Earlier today the Reserve Bank of New Zealand (RBNZ) left their Official Cash Rate (OCR) unchanged at a record low of 1.75% – as the markets had forecast. More importantly was the RBNZ revising inflation forecasts upwards, which is likely to signal an increase in interest rates earlier than previously predicted. RBNZ acting Governor Spencer stated after the announcement “Monetary policy will remain accommodative for a considerable period,” & “the exchange rate has eased since the August statement and, if sustained, will increase tradables inflation and promote more balanced growth.” The RBNZ had set an inflation target of between 1% and 3% and now expects inflation to reach 2% in Q2 of 2018, a full 3 quarters earlier than previously expected. Because of inflationary pressure, the markets are forecasting a rate hike by the end of next year. Following the announcement, NZDUSD rose from around 0.6922 to just above 0.6970. NZDUSD has suffered in the second half of this year, after reaching a high in July of around 0.7550 the Kiwi slumped to lows around 0.6830 earlier this month. Today’s announcement gives a much needed “boost” to the Kiwi.
Wednesday’s EIA report surprised the markets with an unexpected increase of oil inventories. The markets had been expecting another drawdown around -2.8M that continues a trend seen over the past few releases. For the week ending November 3rd US Crude Oil inventories rose 2.2M as supplies increased, while production jumped to a record all-time high. The major focus is the fact that US production increased 67,000 bpd to 9.62 Million bpd – the highest since data was readily available in 1983. The increase in US production can only undermine OPEC’s supply cuts to boost the price of crude.
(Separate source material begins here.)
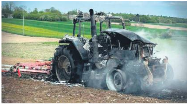
Prawdopodobną przyczyną pożaru ciągnika marki Case było zwarcie instalacji elektrycznej w maszynie.

At 09:00 GMT, the European Central Bank launches a new publication, the Economic Bulletin, to replace the ECB Monthly Bulletin. It will be published two weeks after each Governing Council meeting.
At 10:00 GMT, the European Commission will release Economic Growth forecasts as compiled by the Directorate General for Economic and Financial Affairs (DG ECFIN).
At 13:30 GMT, the US Department of Labour will release Initial Jobless Claims for the week ended November 3rd and Continuing Claims for the period ended October 27th. The previous release of Initial Claims of 229K is expected to be bettered, with forecasts calling for a release of 232K. Continuing Claims are expected to come in at 1885K, a minor increase on the previous release of 1884K. Any significant deviation from forecast will see USD volatility.
At 15:00 GMT, the UK National Institute of Economic and Social Research will release an estimate of UK GDP. This release occurs 1 month before the official GDP release and could result in GBP volatility.
At 16:30 GMT, Swiss National Bank Chairman Thomas Jordan is scheduled to speak at the CFS Presidential Lectures in Frankfurt, Germany on the subject: “Independence of Central Banks after the Financial Crisis: The Swiss Perspective”.